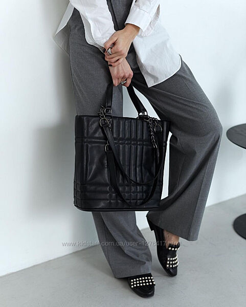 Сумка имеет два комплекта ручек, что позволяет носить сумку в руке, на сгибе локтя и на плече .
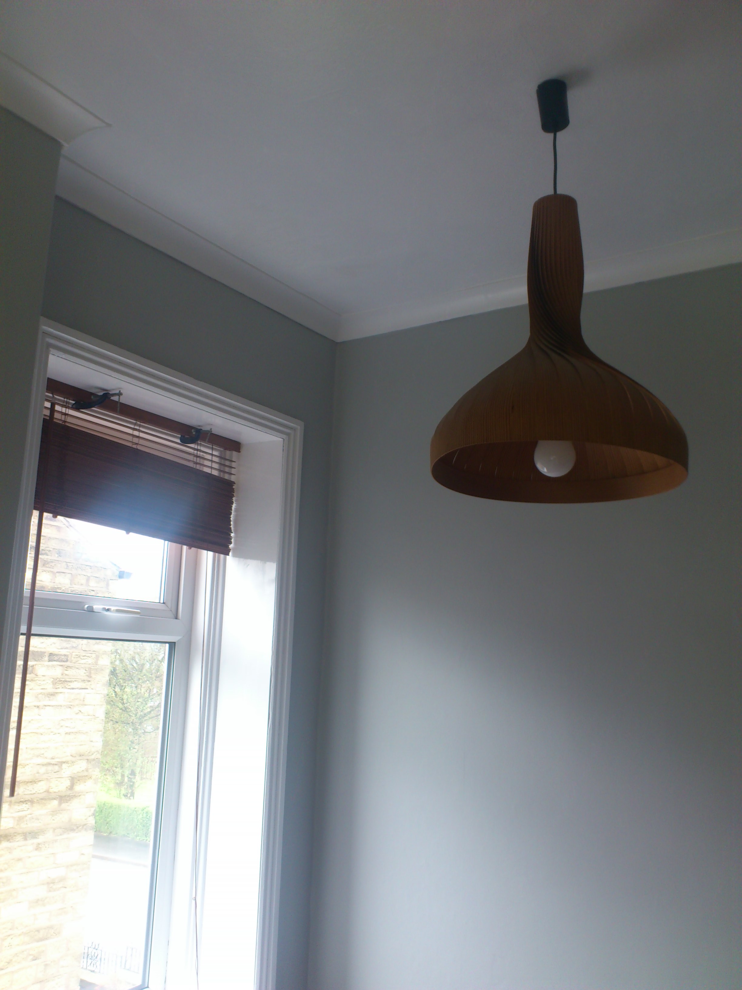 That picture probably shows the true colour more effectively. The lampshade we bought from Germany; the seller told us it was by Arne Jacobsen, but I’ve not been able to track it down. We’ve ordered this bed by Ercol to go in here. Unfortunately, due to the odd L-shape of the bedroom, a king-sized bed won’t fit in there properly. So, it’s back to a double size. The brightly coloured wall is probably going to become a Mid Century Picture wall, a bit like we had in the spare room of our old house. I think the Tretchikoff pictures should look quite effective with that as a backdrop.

--------

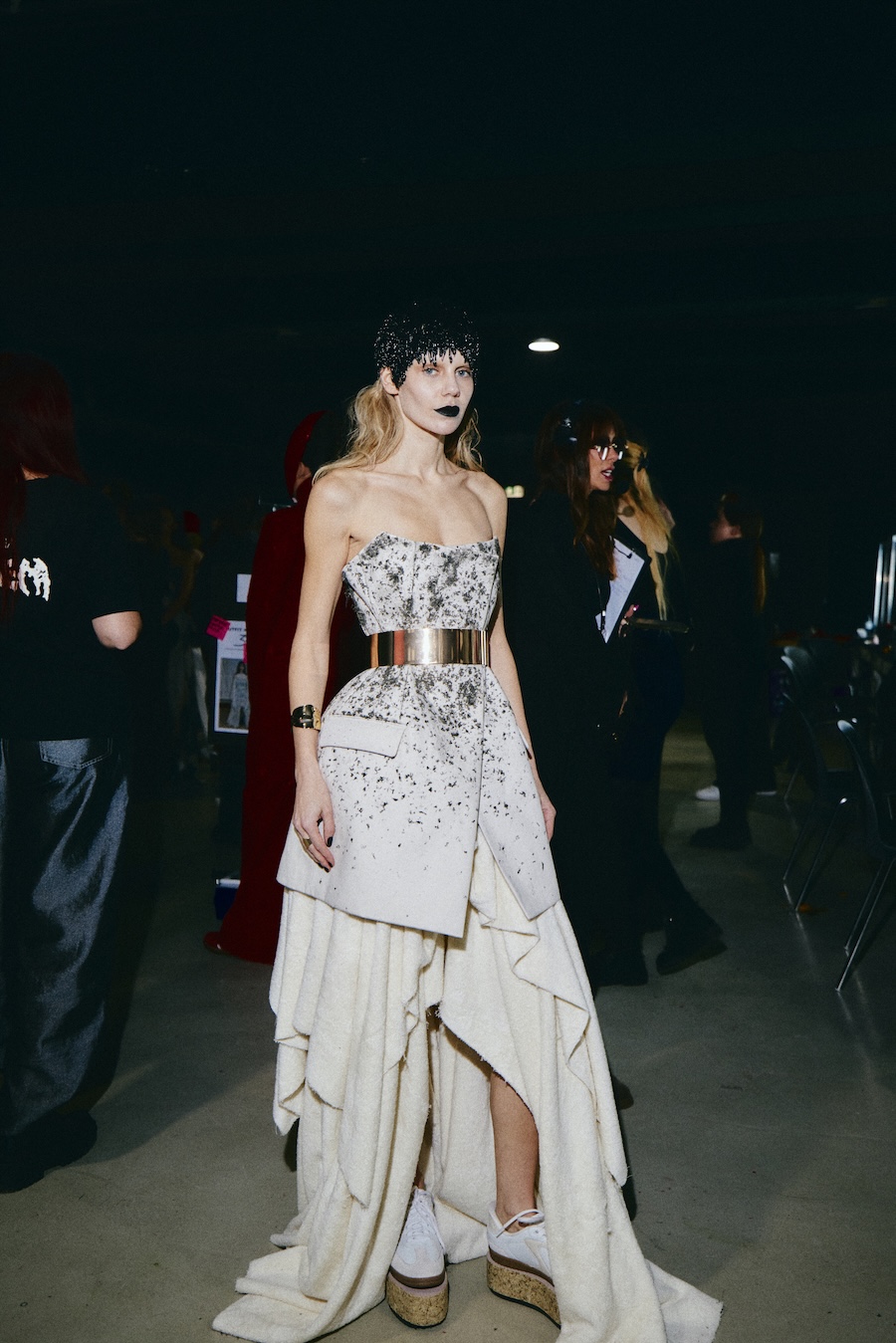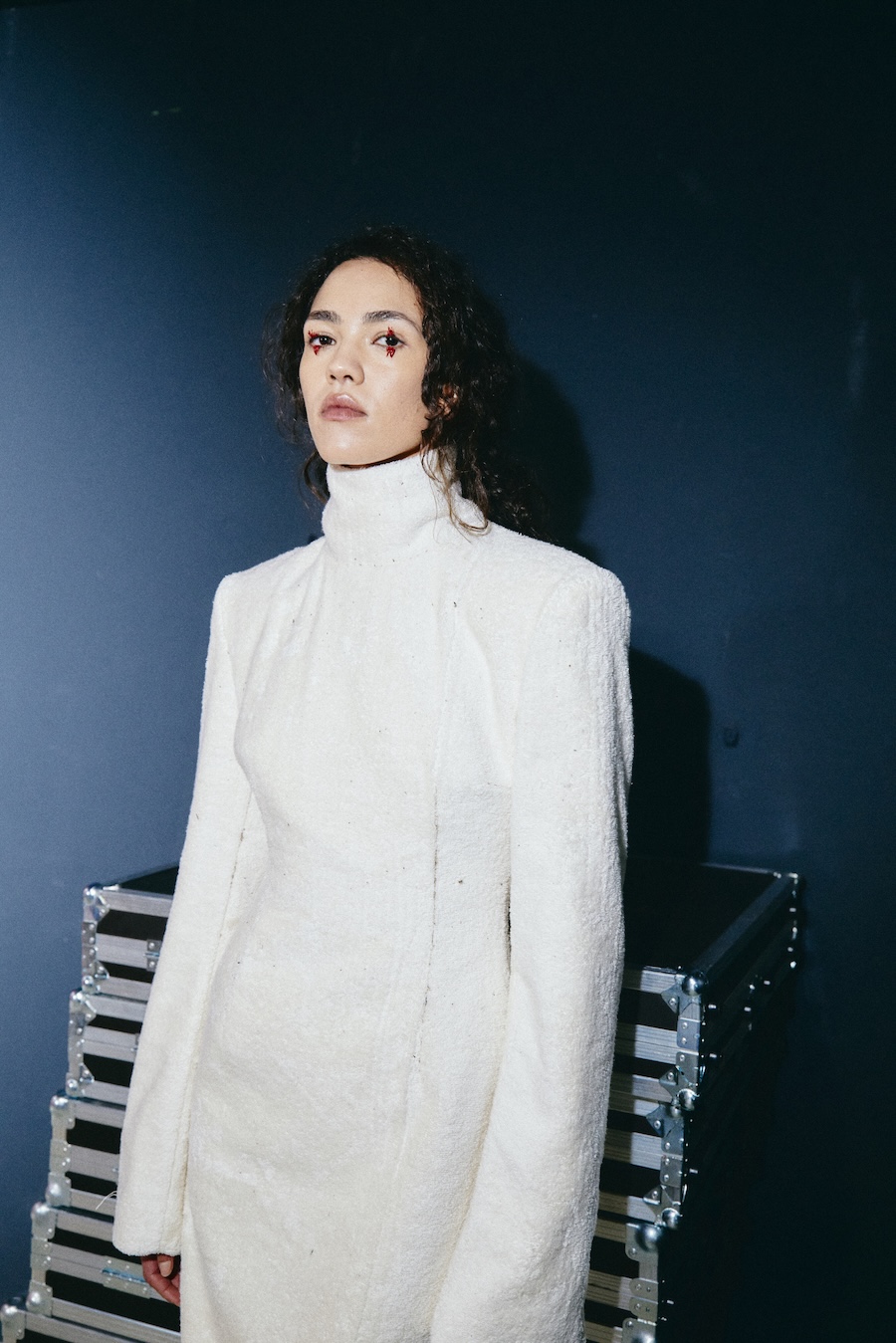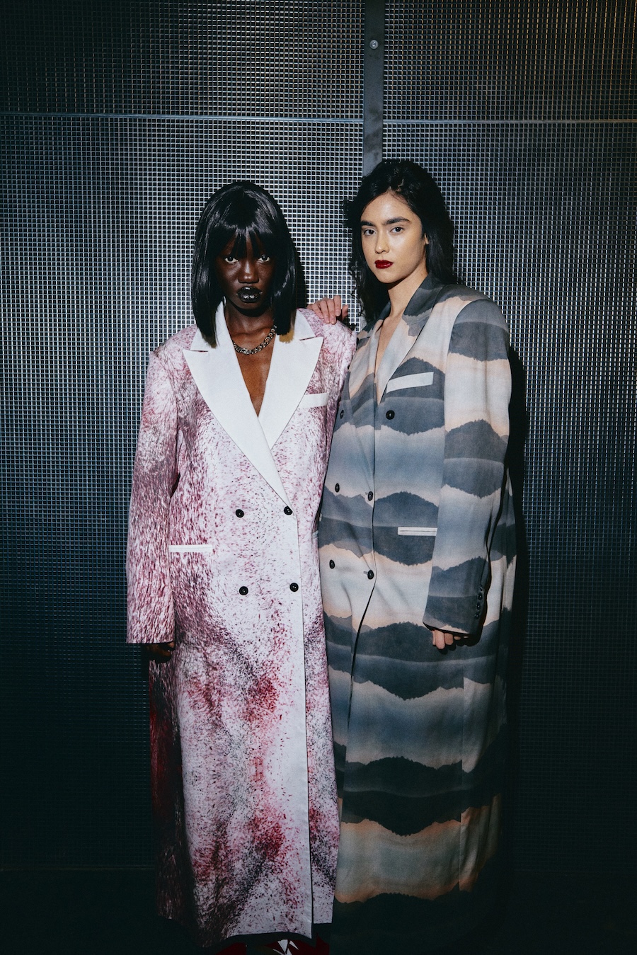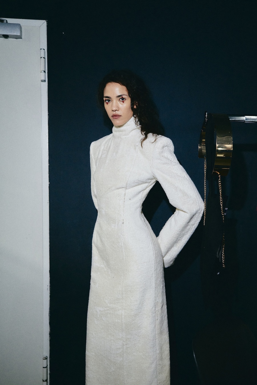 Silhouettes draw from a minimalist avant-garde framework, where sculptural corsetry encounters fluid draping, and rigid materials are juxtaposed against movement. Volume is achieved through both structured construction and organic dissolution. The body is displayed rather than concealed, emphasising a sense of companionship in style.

--------

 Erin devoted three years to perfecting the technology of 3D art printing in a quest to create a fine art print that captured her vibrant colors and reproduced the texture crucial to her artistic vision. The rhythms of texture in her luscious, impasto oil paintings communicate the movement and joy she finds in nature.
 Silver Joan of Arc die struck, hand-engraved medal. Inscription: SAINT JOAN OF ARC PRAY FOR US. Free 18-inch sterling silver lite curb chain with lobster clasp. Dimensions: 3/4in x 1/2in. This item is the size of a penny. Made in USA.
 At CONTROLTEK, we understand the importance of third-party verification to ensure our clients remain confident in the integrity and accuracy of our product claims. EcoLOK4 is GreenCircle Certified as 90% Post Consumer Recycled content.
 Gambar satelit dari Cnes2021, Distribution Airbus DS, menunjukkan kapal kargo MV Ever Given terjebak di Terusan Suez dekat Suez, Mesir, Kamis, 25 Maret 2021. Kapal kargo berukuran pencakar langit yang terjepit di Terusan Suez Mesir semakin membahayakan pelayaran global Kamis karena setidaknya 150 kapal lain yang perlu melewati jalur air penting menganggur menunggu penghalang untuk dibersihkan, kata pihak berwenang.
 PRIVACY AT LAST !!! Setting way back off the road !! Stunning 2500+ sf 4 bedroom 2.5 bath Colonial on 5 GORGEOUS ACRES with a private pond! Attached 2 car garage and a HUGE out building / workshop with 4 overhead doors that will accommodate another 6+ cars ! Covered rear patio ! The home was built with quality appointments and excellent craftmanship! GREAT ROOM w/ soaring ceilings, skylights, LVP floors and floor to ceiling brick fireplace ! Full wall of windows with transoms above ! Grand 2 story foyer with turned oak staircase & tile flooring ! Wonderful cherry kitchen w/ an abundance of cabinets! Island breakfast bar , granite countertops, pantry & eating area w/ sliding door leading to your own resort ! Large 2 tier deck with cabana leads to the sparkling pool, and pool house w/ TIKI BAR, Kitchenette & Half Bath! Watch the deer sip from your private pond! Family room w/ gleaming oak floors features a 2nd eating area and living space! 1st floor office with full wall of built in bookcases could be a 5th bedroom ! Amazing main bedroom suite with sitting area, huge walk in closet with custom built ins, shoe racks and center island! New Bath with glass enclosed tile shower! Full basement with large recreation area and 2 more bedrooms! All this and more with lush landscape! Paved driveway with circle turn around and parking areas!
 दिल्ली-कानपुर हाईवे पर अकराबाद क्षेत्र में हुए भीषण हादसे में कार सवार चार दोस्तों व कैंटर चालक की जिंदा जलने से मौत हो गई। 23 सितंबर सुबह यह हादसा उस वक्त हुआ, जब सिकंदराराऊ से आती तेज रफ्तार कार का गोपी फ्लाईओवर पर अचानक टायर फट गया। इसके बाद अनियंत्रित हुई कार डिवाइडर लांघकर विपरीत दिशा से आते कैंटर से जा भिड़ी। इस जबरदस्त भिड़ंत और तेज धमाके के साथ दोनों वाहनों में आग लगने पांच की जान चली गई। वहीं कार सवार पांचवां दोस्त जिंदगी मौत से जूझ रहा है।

--------

Exactly reproduce the lines above, starting at the one that contains "Сумка имеет два" and ending at the one that contains "That picture probably", both inclusive; leave the pictures out and add no other lines.

 Сумка имеет два комплекта ручек, что позволяет носить сумку в руке, на сгибе локтя и на плече .
 That picture probably shows the true colour more effectively. The lampshade we bought from Germany; the seller told us it was by Arne Jacobsen, but I’ve not been able to track it down. We’ve ordered this bed by Ercol to go in here. Unfortunately, due to the odd L-shape of the bedroom, a king-sized bed won’t fit in there properly. So, it’s back to a double size. The brightly coloured wall is probably going to become a Mid Century Picture wall, a bit like we had in the spare room of our old house. I think the Tretchikoff pictures should look quite effective with that as a backdrop.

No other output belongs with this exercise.